お祈りメールが来る本当の理由|「ご縁がなかった」の裏側

氷室レイ

「慎重に選考を重ねました結果、誠に残念ではございますが、今回はご期待に沿えない結果となりました」

お祈りメールだ。何がダメだったのか、一切書かれていない。

「ご縁がなかった」。この一言で片付けられると、次に何を直せばいいか分からない。同じ書類で別の会社に出して、また同じメールが来る。

なぜ企業は不採用の理由を教えないのか

法的義務がないからだ。不採用理由の開示は法律で義務付けられていない。

それだけではない。理由を伝えることは企業にとってリスクがある。「年齢が合わなかった」「経験が足りなかった」と具体的に書けば、求職者から異議を申し立てられる可能性がある。「ご縁がなかった」は、企業側の防御策だ。

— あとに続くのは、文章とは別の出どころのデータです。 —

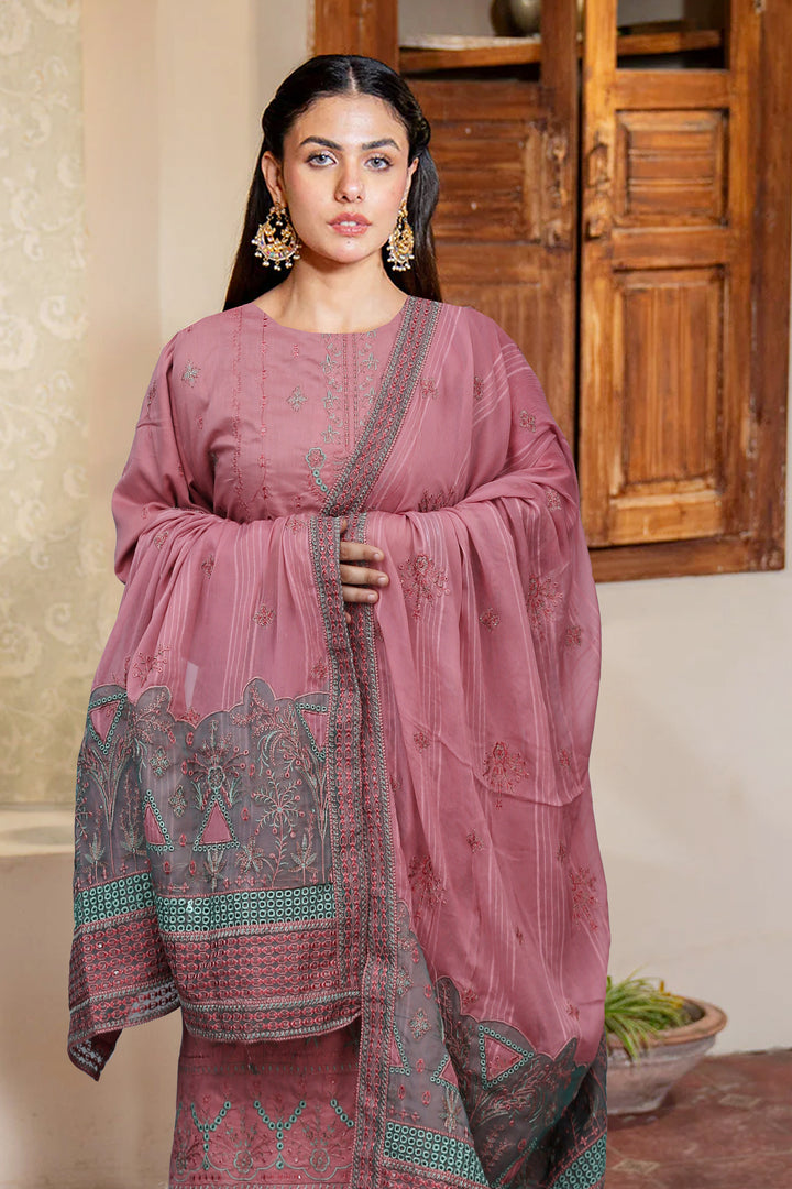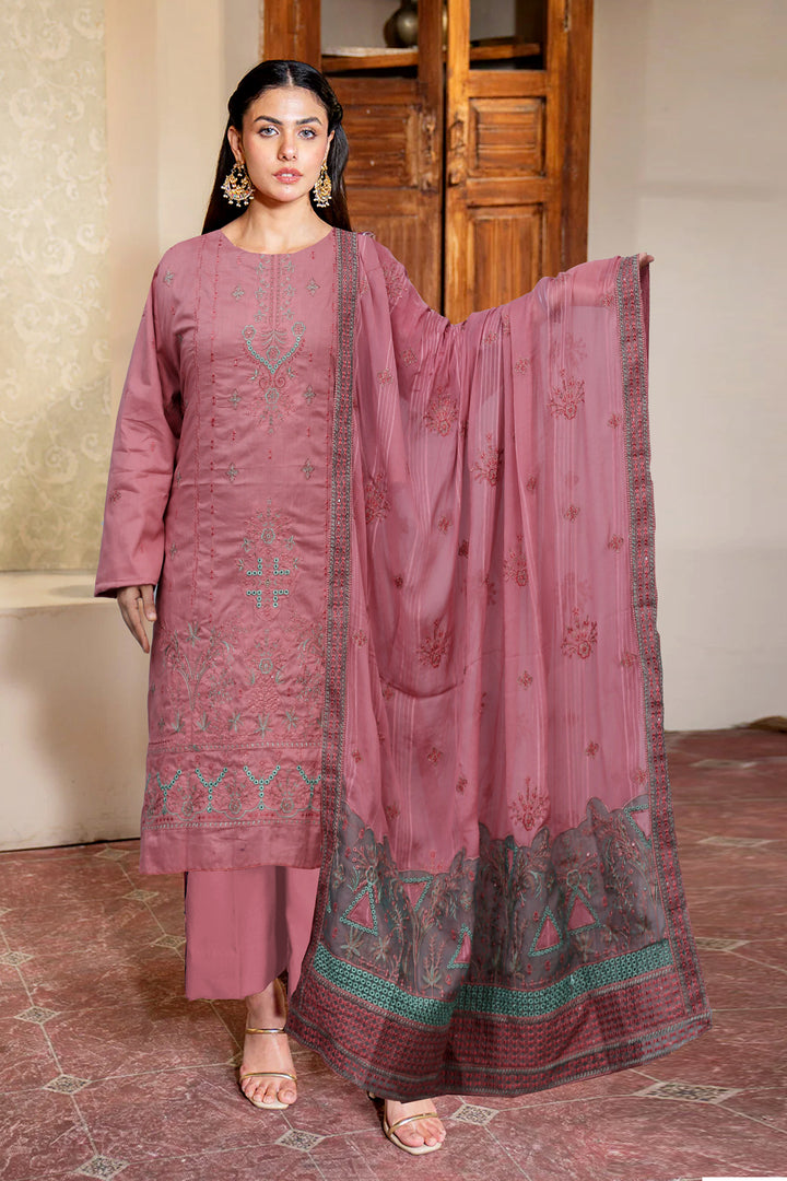 Plain Dyed Cotton trouser Embroidered Duppata with Four Side Organza Motifz
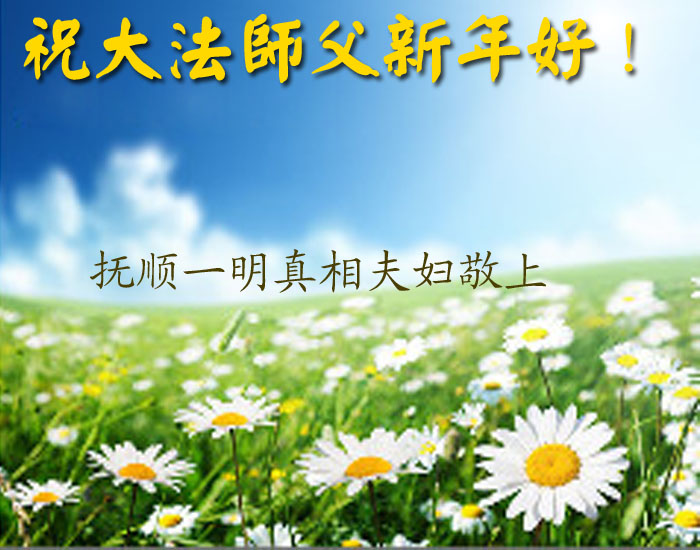 孤岛镇大法弟子 辽宁省抚顺市一明真相夫妇祝大法师父新年好!

つまり、お祈りメールは「何がダメだったか」を永遠に教えてくれない。自分で見つけるしかない。

書類選考で落ちる3つの構造的理由

書類選考で落ちる理由は、大きく分けて3つしかない。

1. 応募条件を満たしていない

必須スキルや経験年数が不足している。これは書類の問題ではなく、応募先の選び方の問題だ。直しようがない。次の応募先を変える。

2. 書類のクオリティが低い

応募条件は満たしているが、書類の書き方が悪い。職務経歴書が業務内容の羅列になっている自己PRが自称ワードだらけ志望動機がテンプレ

これが最も多いパターンであり、かつ最も改善しやすい。

3. 他の候補者が強かった

書類は問題ないが、同じポジションにもっと経験豊富な候補者がいた。これは運だ。コントロールできない。

問題は、自分が2と3のどちらで落ちたか分からないことだ。3だと思い込んで書類を改善しない人が多いが、実際には2で落ちているケースが大半だ。

「ご縁がなかった」を解読する方法

お祈りメールは何も教えてくれない。しかし、自分の書類を客観的にチェックすれば、2(書類のクオリティ)で落ちているかどうかは判定できる。

チェックポイント:

  • 職務経歴書に数字が入っているか(「改善した」ではなく「15%→2%に改善」)
  • 自己PRに自称ワード(コミュニケーション能力、主体性等)が入っていないか
  • 志望動機にその会社でなければならない理由が書かれているか
  • ガクチカが「体験の羅列」ではなく「変化の構造」で書かれているか

これらに1つでも該当すれば、お祈りメールの原因は「ご縁」ではなく「書類」だ。

自分で気づけないから、お祈りが続く

問題の核心はここだ。自分の書類の致命傷は、自分では見えない。

「コミュニケーション能力を活かして」と書いた本人は、それが問題だと思っていない。攻略サイトに「書きましょう」と書いてあったから書いている。

お祈りメールが3通続いたら、書類を疑え。5通続いたら、確実に書類に問題がある。